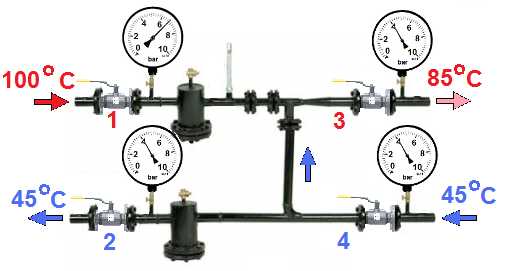 - Нужно соблюдать перепад давления между подачей и обраткой в районе 0,8-2 бар.
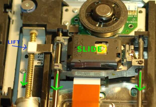 Así que, como se indica en la imagen, cuidadosamente levante el rectángulo blanco de la rosca y deslice el ensamblaje del láser por los rieles hacia la parte posterior del sistema. Puede resistir al principio, pero debe moverse sin mucha fuerza.
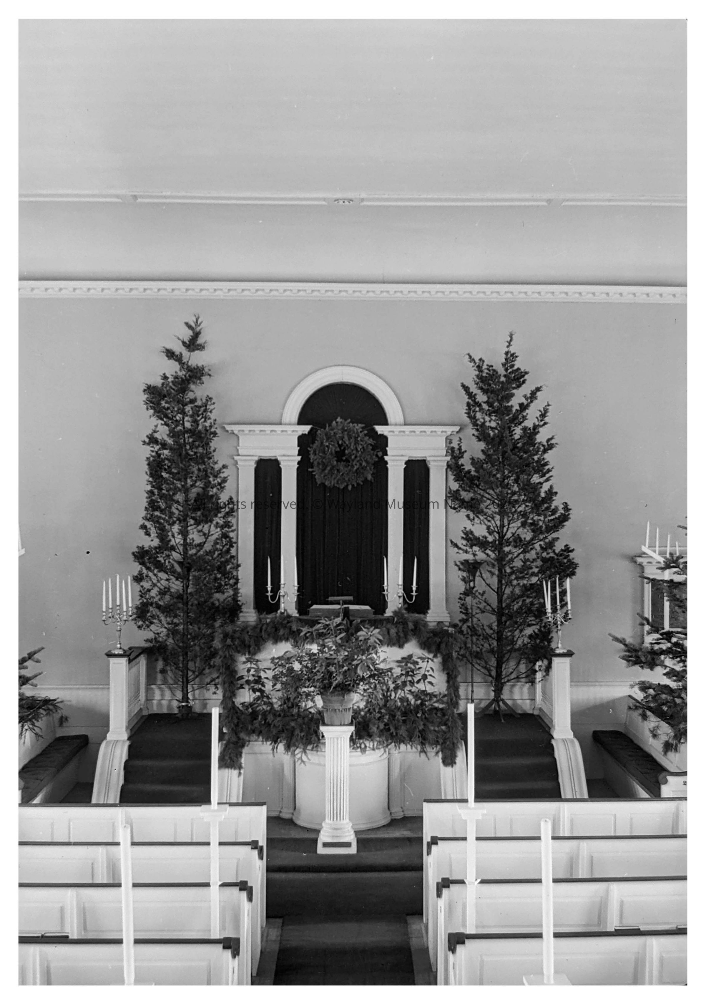First Parish Church, Christmas 1940 -- interior Construction of the present church building was begun in 1814 and completed in 1815. The building conforms largely to a federal model of the architect Asher Benjamin.Collection
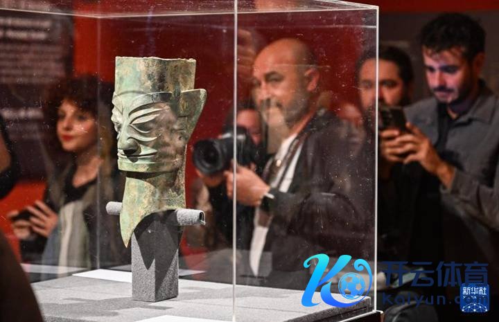 3月17日,在西班牙瓜达拉哈拉博物馆,东谈主们参不雅中国西南地区青铜文雅展上来自三星堆劳动的展品青铜东谈主头像。新华社记者 程敏 摄

○ ○ ○ ○

▸ Exercise:
None of the pictures belong in the copy; repeat all other material exactly.

▸ Response for this exercise:
 - Нужно соблюдать перепад давления между подачей и обраткой в районе 0,8-2 бар.
 Así que, como se indica en la imagen, cuidadosamente levante el rectángulo blanco de la rosca y deslice el ensamblaje del láser por los rieles hacia la parte posterior del sistema. Puede resistir al principio, pero debe moverse sin mucha fuerza.
First Parish Church, Christmas 1940 -- interior Construction of the present church building was begun in 1814 and completed in 1815. The building conforms largely to a federal model of the architect Asher Benjamin.Collection
 3月17日,在西班牙瓜达拉哈拉博物馆,东谈主们参不雅中国西南地区青铜文雅展上来自三星堆劳动的展品青铜东谈主头像。新华社记者 程敏 摄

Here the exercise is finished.